PHRI berpendapat polemik kebijakan yang berlarut-larut akan memengaruhi citra industri pariwisata nasional. Apalagi, kata Maulana, Indonesia sedang mempersiapkan acara G20. Pemerintah semestinya segera mencari opsi jalan keluar mengatasi polemik, seperti mempertimbangkan opsi penundaan.
Kepercayaan
Kepala Pusat Studi Pariwisata Universitas Gadjah Mada Mohamad Yusuf mengatakan, industri pariwisata memiliki multidampak, baik sosial, ekonomi, maupun budaya. Oleh karena itu, perumusan kebijakan pembangunan industri semestinya melibatkan multipemangku kepentingan di industri, mulai dari pemerintah, masyarakat lokal, hingga pelaku usaha.
”Pengambilan kebijakan pengembangan industri pariwisata harus transparan. Apalagi dalam konteks destinasi warisan dunia. Perumusan kebijakan semestinya transparan mulai dari pengelola, desain pembangunan, hingga model pengelolaan,” ujarnya.
Lebih jauh, Yusuf memandang prinsip menjaga kepercayaan wisatawan seharusnya selalu dipegang oleh pelaku pariwisata. Apabila prinsip ini tidak dipelihara, destinasi wisata akan sulit dikembangkan.
Dia berharap, rencana mogok sejumlah pelaku usaha pariwisata Labuan Bajo menyikapi kebijakan pembatasan wisatawan ke TNK Pulau Komodo dan Pulau Padar bisa dihindari. Yusuf berpendapat, jika aksi mogok terjadi, hal itu akan merugikan banyak pihak, terutama wisatawan. ”Wisatawan bisa menjadi distrust. Polemik ini sebaiknya diselesaikan dengan duduk bersama pemerintah pusat, pemerintah daerah, dan pelaku usaha, lalu mencari solusi terbaik,” kata Yusuf.

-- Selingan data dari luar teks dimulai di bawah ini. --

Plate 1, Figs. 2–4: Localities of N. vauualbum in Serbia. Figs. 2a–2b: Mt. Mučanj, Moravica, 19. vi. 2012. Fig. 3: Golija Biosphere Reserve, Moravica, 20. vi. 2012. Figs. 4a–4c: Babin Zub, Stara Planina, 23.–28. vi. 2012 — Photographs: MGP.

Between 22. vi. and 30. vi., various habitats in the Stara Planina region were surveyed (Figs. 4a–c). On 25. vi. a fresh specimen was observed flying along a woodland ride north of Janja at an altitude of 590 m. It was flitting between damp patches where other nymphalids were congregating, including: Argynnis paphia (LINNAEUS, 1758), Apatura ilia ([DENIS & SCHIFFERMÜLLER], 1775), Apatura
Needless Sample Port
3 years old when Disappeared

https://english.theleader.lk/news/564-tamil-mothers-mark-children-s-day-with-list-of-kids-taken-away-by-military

Pelaksana Tugas Deputi Bidang Sumber Daya dan Kelembagaan Kementerian Pariwisata dan Ekonomi Kreatif (Kemenparekraf) Fransiskus Xaverius Teguh saat dikonfirmasi mengatakan, pihaknya berusaha membangun komunikasi intens, termasuk dengan Kementerian Lingkungan Hidup dan Kehutanan. Kemenparekraf mendorong penguatan manajemen organisasi dan tata kelola destinasi pariwisata. Pelaku usaha pariwisata dan masyarakat harus dilibatkan.

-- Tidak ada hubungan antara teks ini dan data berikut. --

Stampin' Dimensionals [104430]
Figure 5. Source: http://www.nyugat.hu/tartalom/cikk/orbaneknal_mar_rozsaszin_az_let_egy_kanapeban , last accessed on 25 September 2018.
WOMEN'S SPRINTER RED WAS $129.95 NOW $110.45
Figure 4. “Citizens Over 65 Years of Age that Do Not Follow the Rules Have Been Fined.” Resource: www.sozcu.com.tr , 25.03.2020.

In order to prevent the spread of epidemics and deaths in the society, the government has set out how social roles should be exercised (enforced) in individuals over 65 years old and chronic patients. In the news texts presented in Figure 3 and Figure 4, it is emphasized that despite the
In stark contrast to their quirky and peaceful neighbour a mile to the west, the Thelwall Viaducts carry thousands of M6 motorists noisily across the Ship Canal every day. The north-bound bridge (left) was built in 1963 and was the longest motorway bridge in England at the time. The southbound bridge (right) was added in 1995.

Sebelumnya, Direktorat Jenderal Konservasi Sumber Daya Alam dan Ekosistem Kementerian Lingkungan Hidup dan Kehutanan melalui Balai Taman Nasional Komodo (BTNK) telah melakukan kajian Daya Dukung Daya Tampung Wisata berbasis jasa ekosistem di Pulau Komodo dan Padar.
Kajian ini dilakukan oleh tim ahli yang diketuai Irman Firmansyah dari IPB University dengan Komite Pengarah Jatna Supriatna, Guru Besar Departemen Biologi Fakultas Matematika dan Ilmu Pengetahuan Alam Universitas Indonesia. Hasil kajian menunjukkan ada perubahan perilaku komodo, seperti berat badan melebihi ideal dan komodo jadi kurang waspada.
Dari hasil kajian itu diputuskan jumlah wisatawan yang berkunjung ke Pulau Komodo dan Padar dibatasi hanya 200.000 orang per tahun. Selain itu, setiap wisatawan wajib membayar biaya pungutan konservasi, termasuk tiket masuk, Rp 3,75 juta (Kompas, 12/7/2022).